Берег был относительно пуст. Вместо песка серая галька. И серые, гладкие, похожие на птичьи яички камушки предлагали лежащим на гальке бесконечное разнообразие для глаз: столь живописно начертал Господь своим белым ногтем на камушках овалы и спирали, одним словом, иероглифы, письмена, в которых для посвященного должны были раскрыться судьбы мира. Между прочим, этих камушков они, Улло и Марет, привезли килограммов десять, так что некоторые из них попали и ко мне в ящик стола.
А на обратном пути — причем я не знаю, откуда их обратная дорога началась, — ехали они, во всяком случае, через Ялту и ненадолго там остановились.
Вернулись Улло и Марет в Таллинн в начале лета, причем здоровье Марет поправилось настолько, что она снова могла принимать ту же, что и до депортации, дозу снотворного. Однако на меньшую, чем две таблетки, так и не смогла перейти. Ей удавалось без них поспать до половины четвертого или до четырех. После этого она ворочалась до семи часов, во власти бесчисленных наваждений. Одно наваждение было такое.
Она должна идти на съезд учителей родного языка. Уже знает, какое решение там примут: перевести эстонский язык с латинского алфавита на кириллицу. Чуждый, неприемлемый для оккупантов алфавит на их родную, домашнюю кириллицу. Как общий отныне алфавит для всех братских народов. Это она уже знает. Но внезапно забывает, где этот съезд назначен. Состоится ли он в церкви Нигулисте, в кинотеатре «Гранд Марино» или в руинах театра «Эстония». Она бродит по разрушенным улицам в центре города. Господи, эти обломки стен, искореженное железо арматуры на фоне холодного предрассветного неба уже давно должны были убрать, но их, наоборот, прибавилось. Пепел большого пожара тоже должны были убрать, но его стало еще больше, чем в первые дни после пожара. По крайней мере снег должны бы разгрести, чтобы тропинки в сугробах не были так занесены. Но здесь, на всех улицах, снег так перемешан с золой, что сугробы — и чем дальше, тем они выше — словно бы превратились в серые тучи, в тяжелые, вязкие, бетонные тучи. И Марет не может сквозь них продраться. В этом давящем состоянии, где на четверть сна три четверти яви, она прижимается к Улло близко, как только можно. Ощущает, я это ясно представляю, затылком сквозь свои ангельские кудри с проседью острый колючий подбородок мужа, ее бьет мелкая дрожь, — пока неожиданно–пугающе не задребезжит будильник. И все же этот звон несет освобождение. Потому что в начинающемся дне бывают вполне терпимые и даже приятные минуты…

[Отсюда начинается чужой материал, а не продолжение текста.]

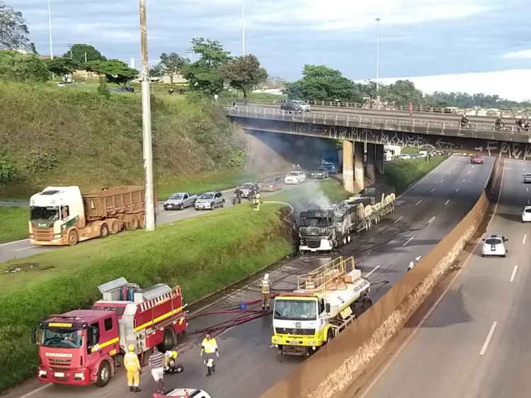 Dois caminhões do Corpo de Bombeiros e um da Via 040 – concessionária que administra a rodovia – estiveram no local para atender a ocorrência.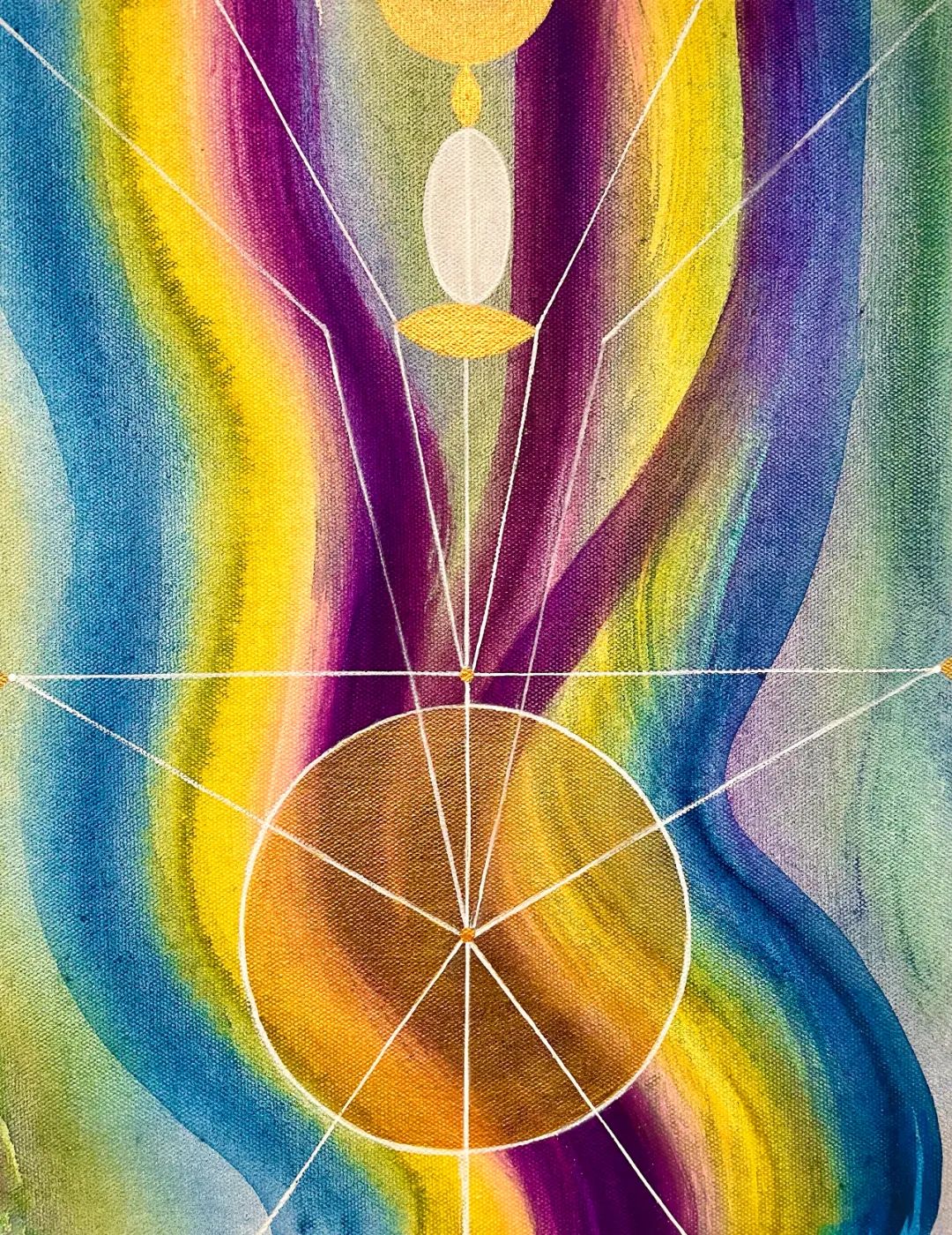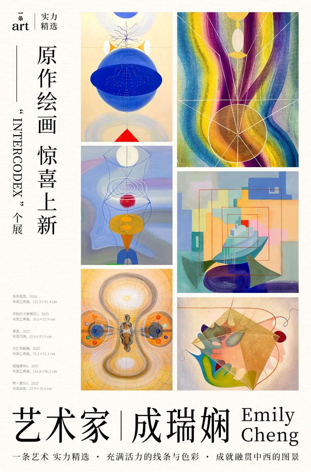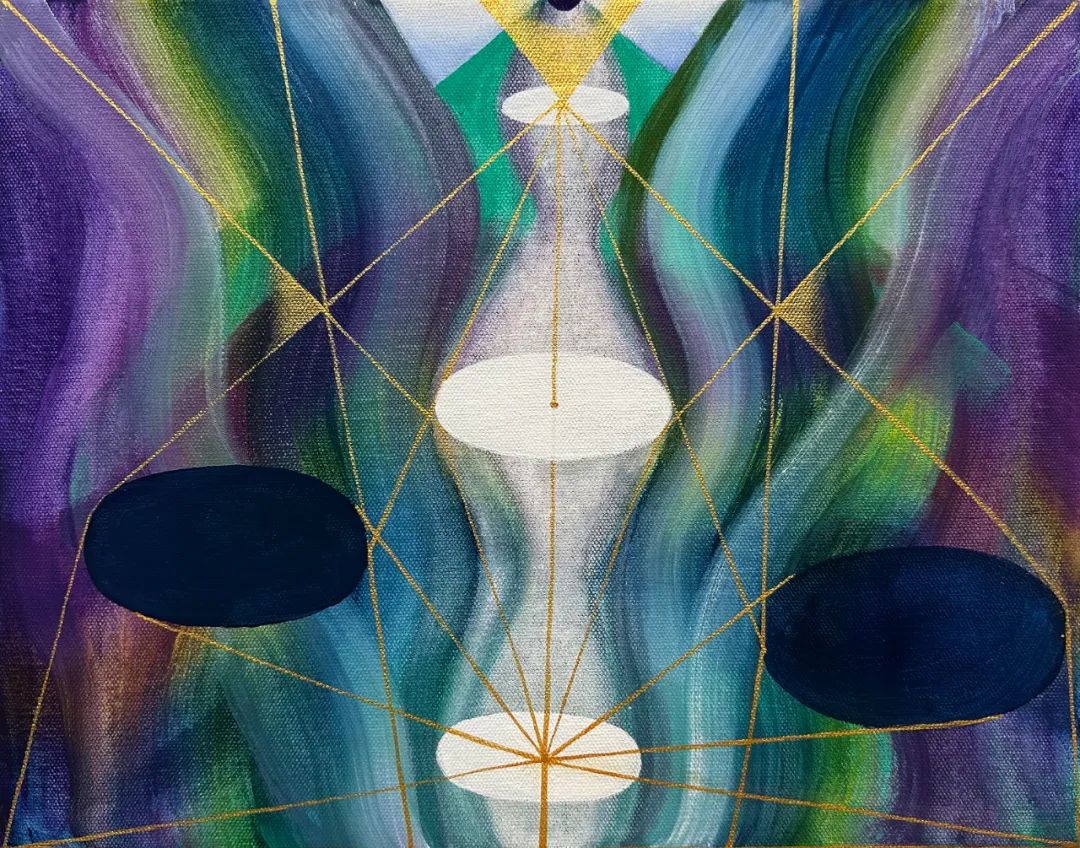 成瑞娴在古老文化与文明起源中,探求灵魂的平静,画面上浪漫的笔触与具有逻辑性的几何线条激烈碰撞,带有诗意的情感汇聚在画面中,形成绝美的色彩,让人流连忘返。

И так далее. Изо дня в день, со слегка варьирующимися проблемами. Жизнь Марет. А жизнь Улло — тридцать тысяч чемоданов. Плюс его коллекции. И среди них модели пушек. Которые постепенно до отказа заполонили третью комнату. Что, разумеется, можно истолковать, но не обязательно, — да, это было бы рискованно истолковать, слишком по–детски, как угрозу разгромить окружающий мир. Или бог его знает…
Итак, тридцать лет и тридцать тысяч чемоданов. И затем — какие–то симптомы отравления, как я слышал, но толком я не знаю. Вероятно, от постоянного вдыхания ацетилена. Так что сменить работу совершенно необходимо. И примерно в это же время — или чуть раньше — еще одна более важная жизненная перемена, о которой я сначала только слышал, и позднее не больно–то много узнал: развод.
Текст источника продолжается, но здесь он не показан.